■ **MATERIAL FOR THIS EXERCISE**:

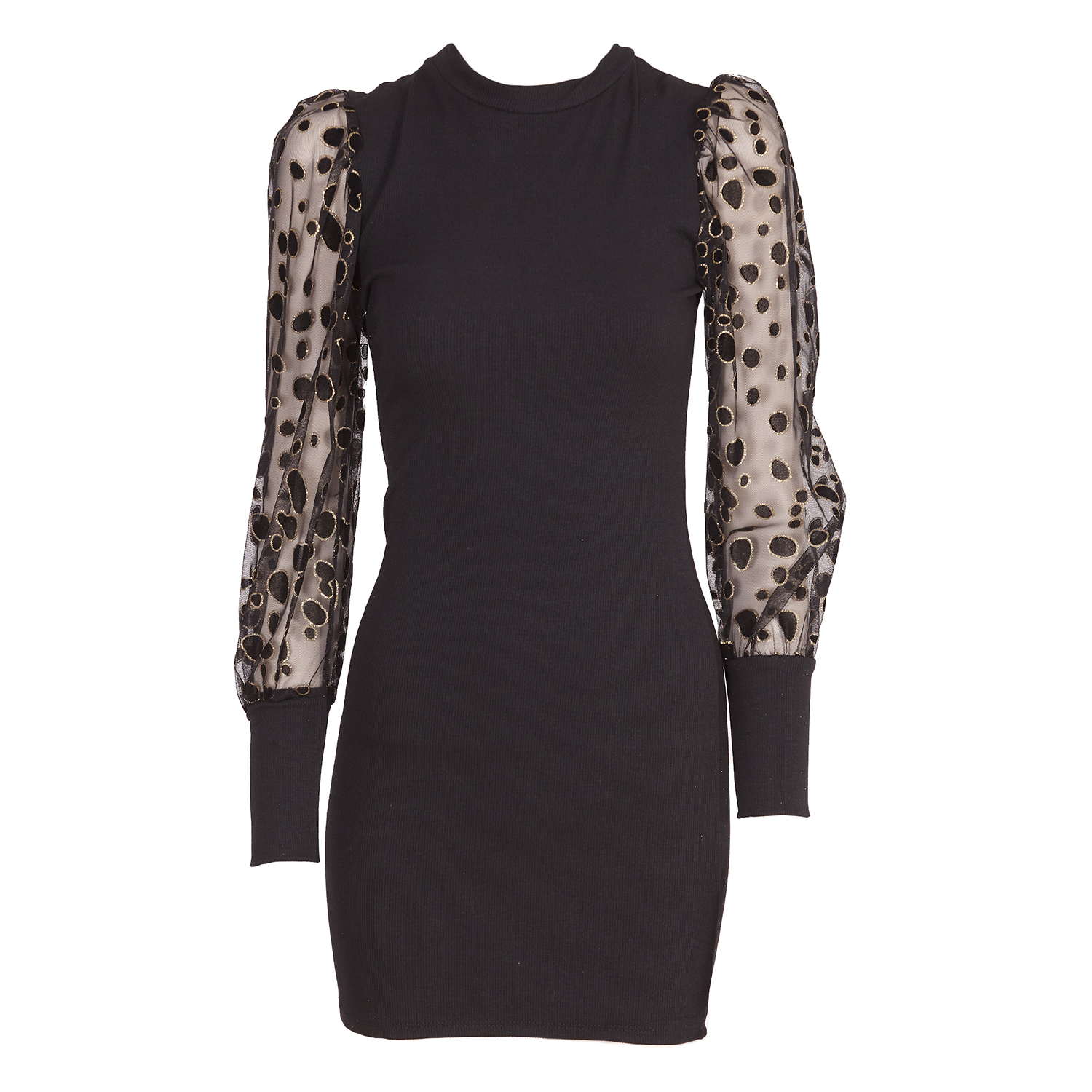 Vestido corto negro de manga larga que presenta diferentes transparencias de tul a lo largo del vestido. composición elegante y juvenil
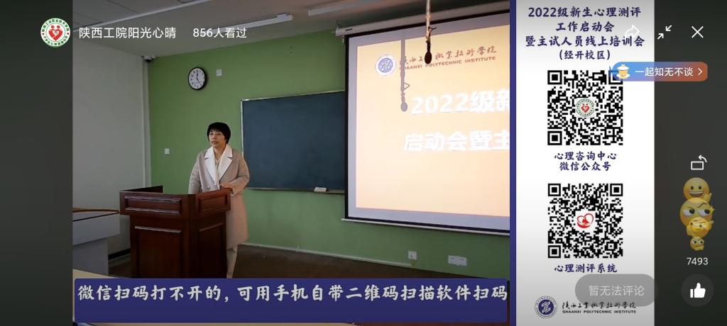 为全面、系统的掌握我院2022级新生的心理健康状况,进一步推进我院大学生心理健康教育工作更好地开展,心理咨询中心分别于10月13、14日下午,在渭城、经开两校区召开了2022级新生心理测评工作启动会暨主试培训会,并进行了线上同步直播。学工部部长、学生处处长郝军,学生处副处长耿丽、学生处心理咨询中心工作人员、各二级学院心理专干、心理委员代表、大学生心理健康协会成员代表参加了本次大会,2022级全体心理委员、宿舍长线上参会。大会由学生处心理咨询中心刘园主持。
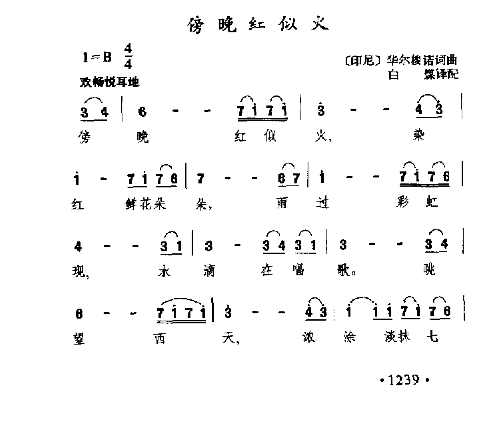傍晚红似火(印尼)华尔梭诺曲简谱歌词是曲谱查询网于2025年02月08日 09:55:58更新在外国曲谱频道中的内容,收录在外国曲谱栏目中;曲谱查询网分享的傍晚红似火(印尼)华尔梭诺曲简谱五线谱高清图片,欢迎在线免费下载;曲谱查询网无需注册,即可直接下载海量歌曲谱与乐器学习相关资料。
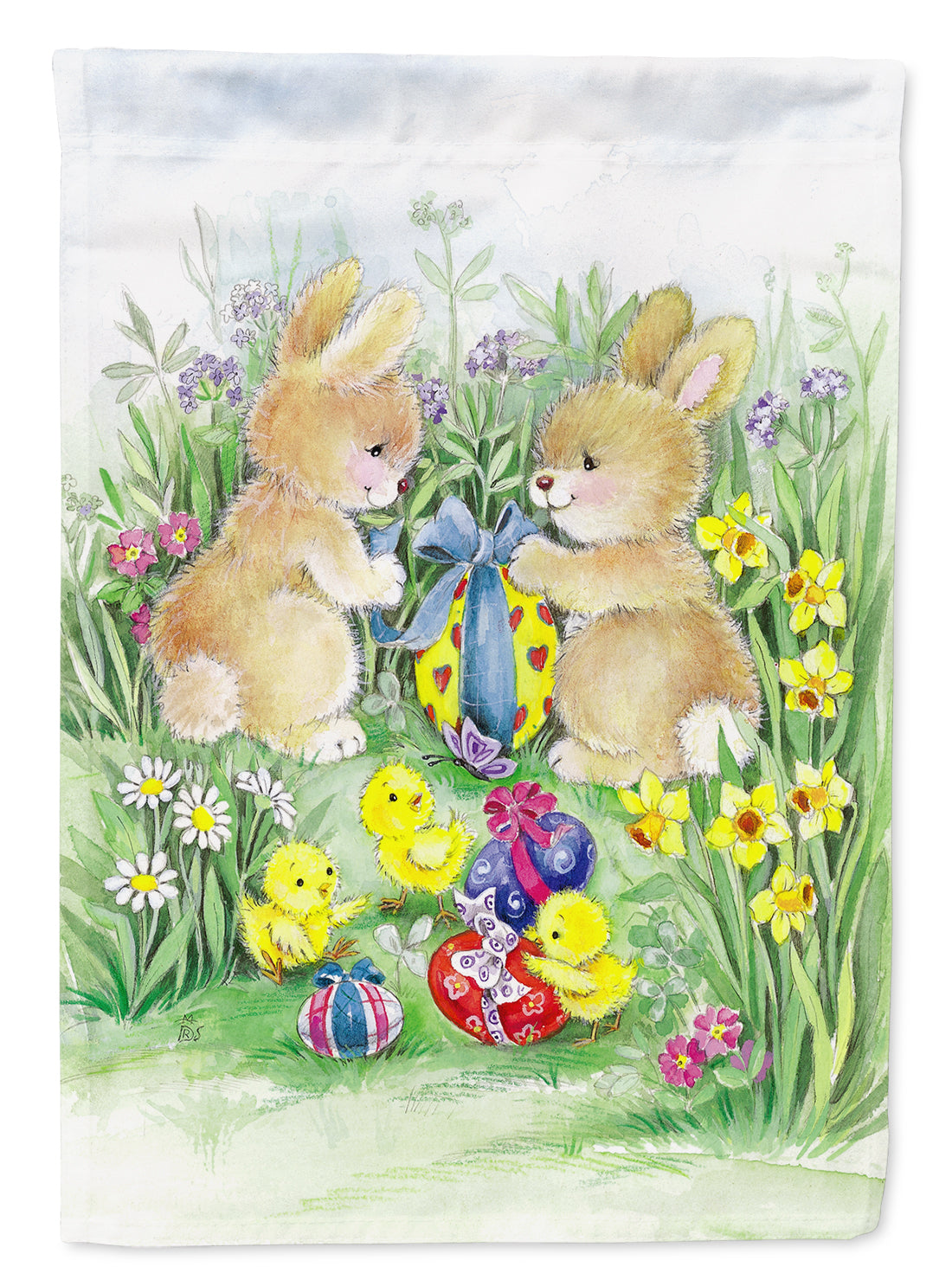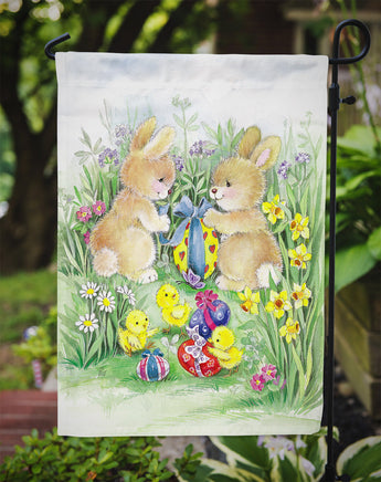 Decorate your space with Caroline's Treasures Easter artwork on a Garden Flag. Enhance the beauty of your garden, patio, or yard with Caroline's Treasures Decorative Garden Flag, proudly made in the USA. Crafted from two pieces of thick, double-sided polyester fabric, this 2-ply garden flag is designed to withstand various weather conditions, making it water-resistant and weatherproof. Featuring correctly readable words on both sides, this garden flag offers a delightful visual experience from any angle. With its heavier weight, it stands out among other garden flags, ensuring stability and durability even in wind, rain, and snow. Measuring approximately 11 1/4 inches by 15 1/2 inches, this flag allows you to personalize your outdoor decor. It comes with a 1 1/2-inch sleeve sewn in, allowing easy attachment to any standard garden flag stand or garden size porch hanger (sold separately). Make a statement in your outdoor space with Caroline's Treasures Decorative Garden Flag, a vibrant and high-quality flag that adds color and personality to your surroundings. Proudly made in the USA, it's a symbol of quality craftsmanship and attention to detail.
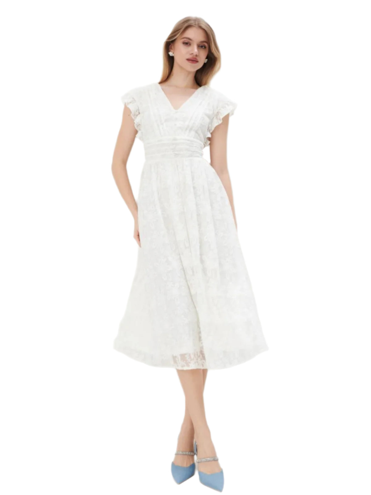 Címke nélküli, női midi ruha, fehér csipkés anyagból, V-kivágású, rövid fodros ujjakkal, derékhangsúlyos szabással, légies és elegáns viselet alkalmakra vagy romantikus megjelenéshez.
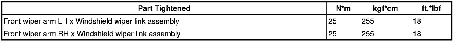 SPECIFICATIONS: WIPER / WASHER: TORQUE SPECIFICATIONS
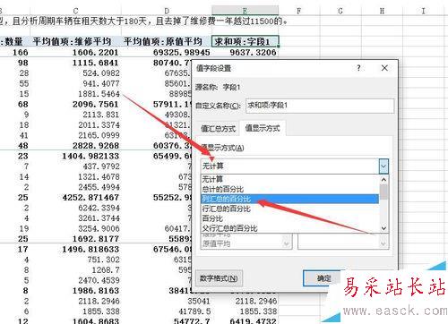 6、最后 我們可以設(shè)置值顯示方式。如這里我們先擇列匯總比例。這個(gè)大家可以去多試試,里邊有很多種不同的計(jì)算方式得到不同的參考值。我就不一一說話了。

■ **YOUR OBJECTIVE**:
Write out, please, the lines of the listing above from the one with "SPECIFICATIONS: WIPER /" through the very last, exactly as given and with no pictures.

■ **EXERCISE RESPONSE**:
 SPECIFICATIONS: WIPER / WASHER: TORQUE SPECIFICATIONS
 6、最后 我們可以設(shè)置值顯示方式。如這里我們先擇列匯總比例。這個(gè)大家可以去多試試,里邊有很多種不同的計(jì)算方式得到不同的參考值。我就不一一說話了。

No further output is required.